I used to be a great fan and proponent of RethinkDB many years ago. We even used it for production for some heavy-load analytic cases. Then I watched it fall when the company behind it bankrupted. Then reborn as open source. Sad to hear it's struggling again.

Unfortunately, I think it might be hard to convince decision-makers in most companies to use unstable tech. Is there some "golden reference production use" for it?

Patrice Ferlet • Nov 20 '23

Actually there are still some PR and the community is alive.

I'm OK with your point, saying that it's hard to convince decision-maker to us it, but RethinkDB is stable, actually. That's a point in my article, there is no critical issue, the database works without any problem, even with thousands of writes per seconds in my projects.

Unfortunately, I don't find golden references... I'm pretty sure there are some. 😉

Anyway, my call is still the same: we, engineers, should propose it, we must show how it works, why it's interesting and what is the gain to use it. The more we use it, the more we demonstrate, the more it can be more active.

PS: really, RethinkDB is not dead. It's sleeping a bit.

Eckehard • Nov 20 '23

Do you have any information about using RethinkDB as a time series database?

Recently I had some problems with a bloated postgre-database, that flooded my server. For some reason we had the same data also written to influx, which occupied only a fraction of space. I cannot quantify the effect, as I do not know what else is written to postgre, but the difference seems to be reasonable.

Patrice Ferlet • Nov 20 '23

RDB is not specifically a time series database server. But it can be :)

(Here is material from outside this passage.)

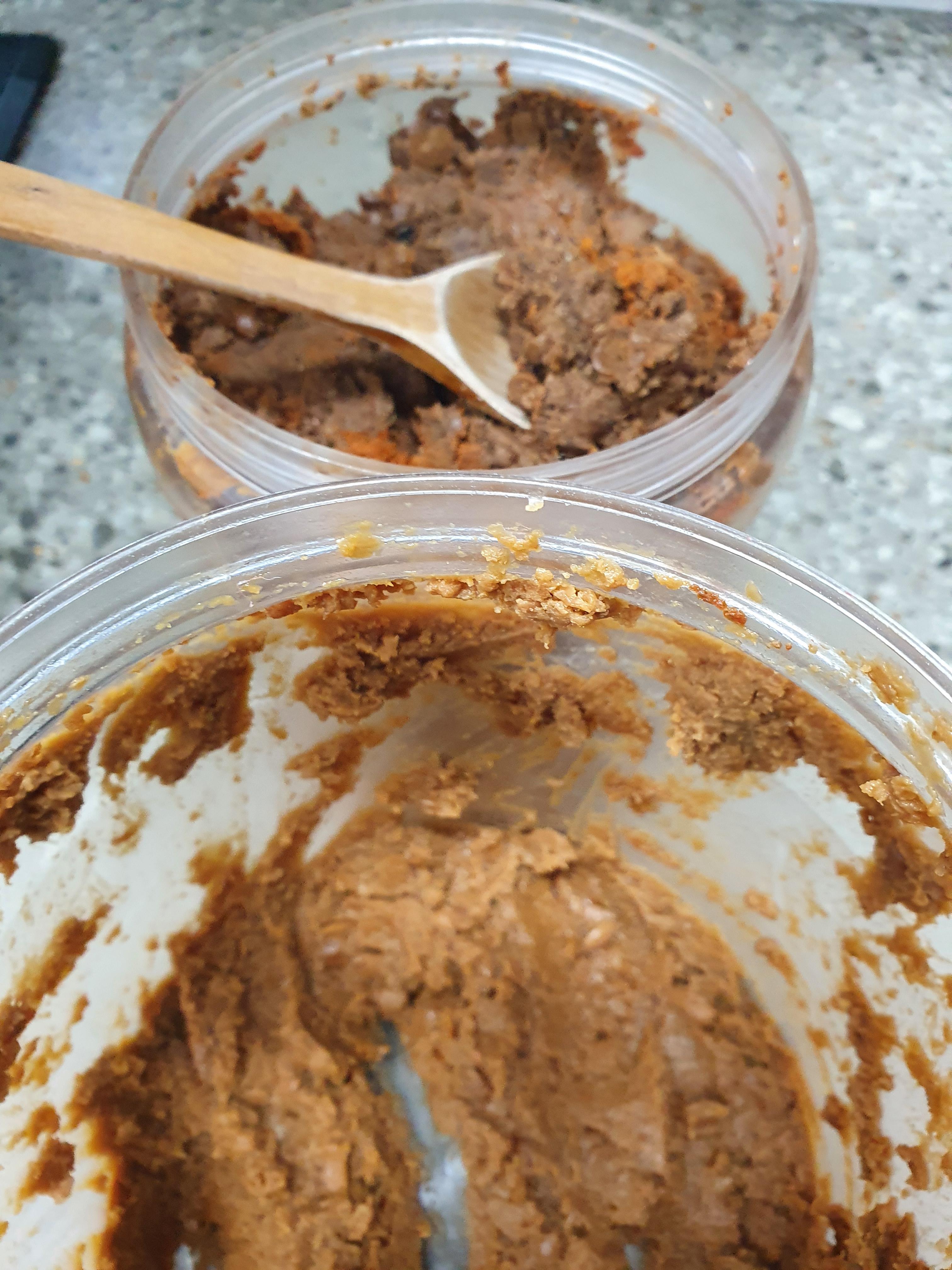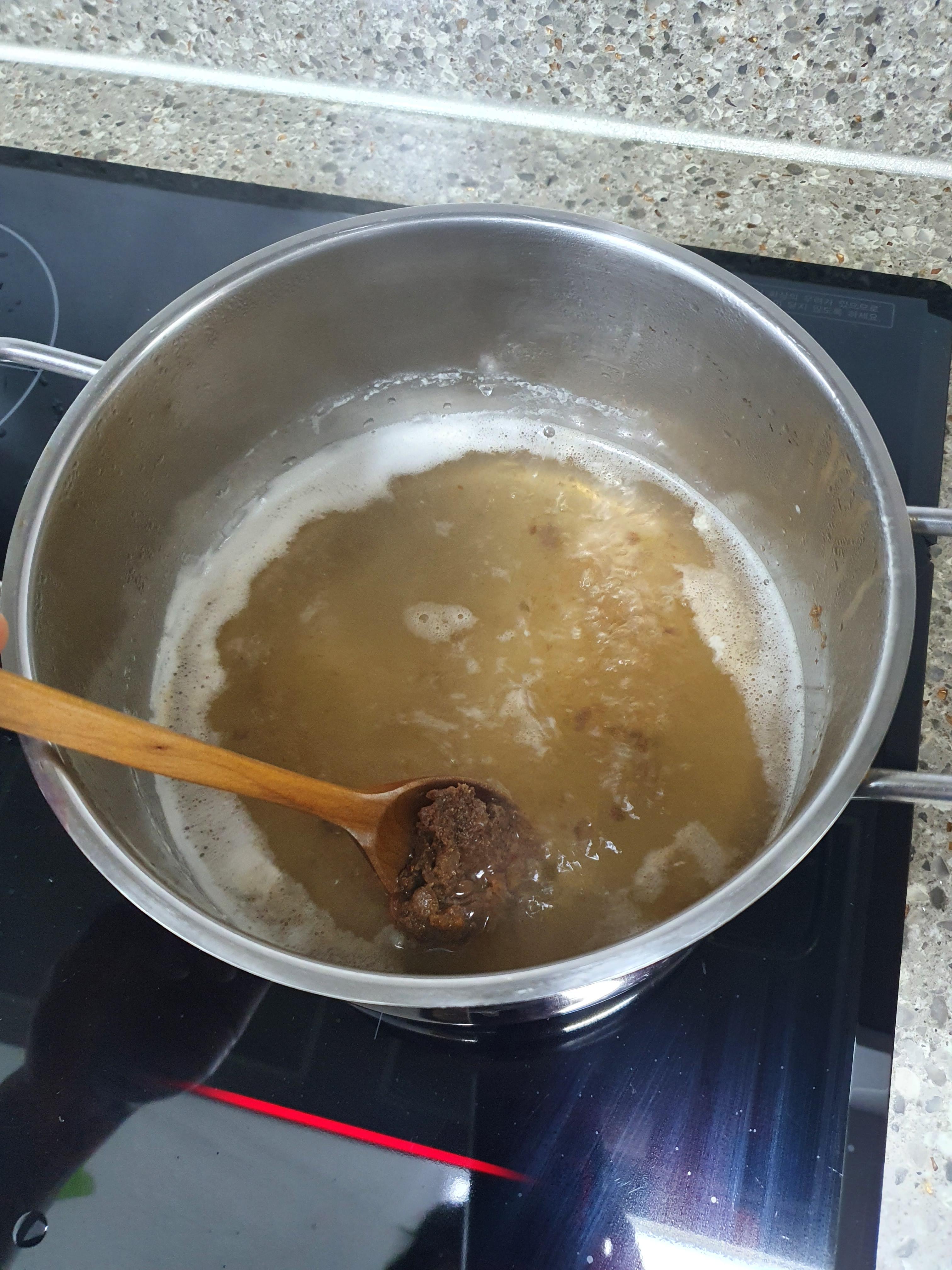 저는 된장을 두개 사용하고 있어요. 재래식 된장을 주문해서 사용하는게 1개 이고요. 어머니께서 직접 담그신 막장이에요. 강원도 분들은 모두 아시겠지만 막장... 색이 짓고 맛이 깊습니다. 어느분은 막장이 텁텁하다고 하시는데 전 많이 먹어서 그런지 텁텁한 맛을 잘 모르겠더라구요~ 아무튼 ~ 된장 + 막장을 섞어서 넣어줄꺼에요~

I already used RethinkDB to store logs from a Rancher (Kubernetes) cluster with approximately 500 pods. That was OK, but I had to make a task to store and drop too old entries. The data size was very correct, but I was limited by the platform itself, not by RDB.

Actually, RethinkDB could be a few lighter than PostgresSQL - there are fewer controls, fewer data links, and you may replicate + shard on several RDB servers.

That means that you will need to manage a load balancer to send data to all nodes (I did it with a Service in Kubernetes). Or you can use one RDB node as a proxy (it's a simple option) that will load balance the flow.

All depends on the load you will apply.

Influx is very well-made, and is optimized to store that kind of data. Prometheus is a very good solution too.

Jonathan Gros-Dubois • Aug 24 '25

In terms of simplicity, architecture and ease of scaling, it may be the greatest database of all time.

Its query language is also remarkably minimalist. Its design encourages writing efficient queries. Moreso than even MongoDB.

The fact that it has not gained more traction is baffling. I see it is a testament to a steep decline of craftsmanship in the tech industry at around that time. It was a time when good ideas and projects were put to rest and replaced by bad ideas and bad projects... The period following 2016 will be looked back as some kind of software dark ages IMO. Where software ceased to be about science and became almost all about money and politics.

Alicia Sykes • Nov 20 '23

RethinkDB is developed in C++ and is completely opensource. There are no major bugs and as a result

Meanwhile on the Rethink repo....

Patrice Ferlet • Nov 22 '23

"Issues" doesn't mean "major bugs" 😉

Actually, if you check the list, this is mainly feature requests, some display bugs in the docker container (the version is not OK), are some specific mecanism problems.

I know you were kidding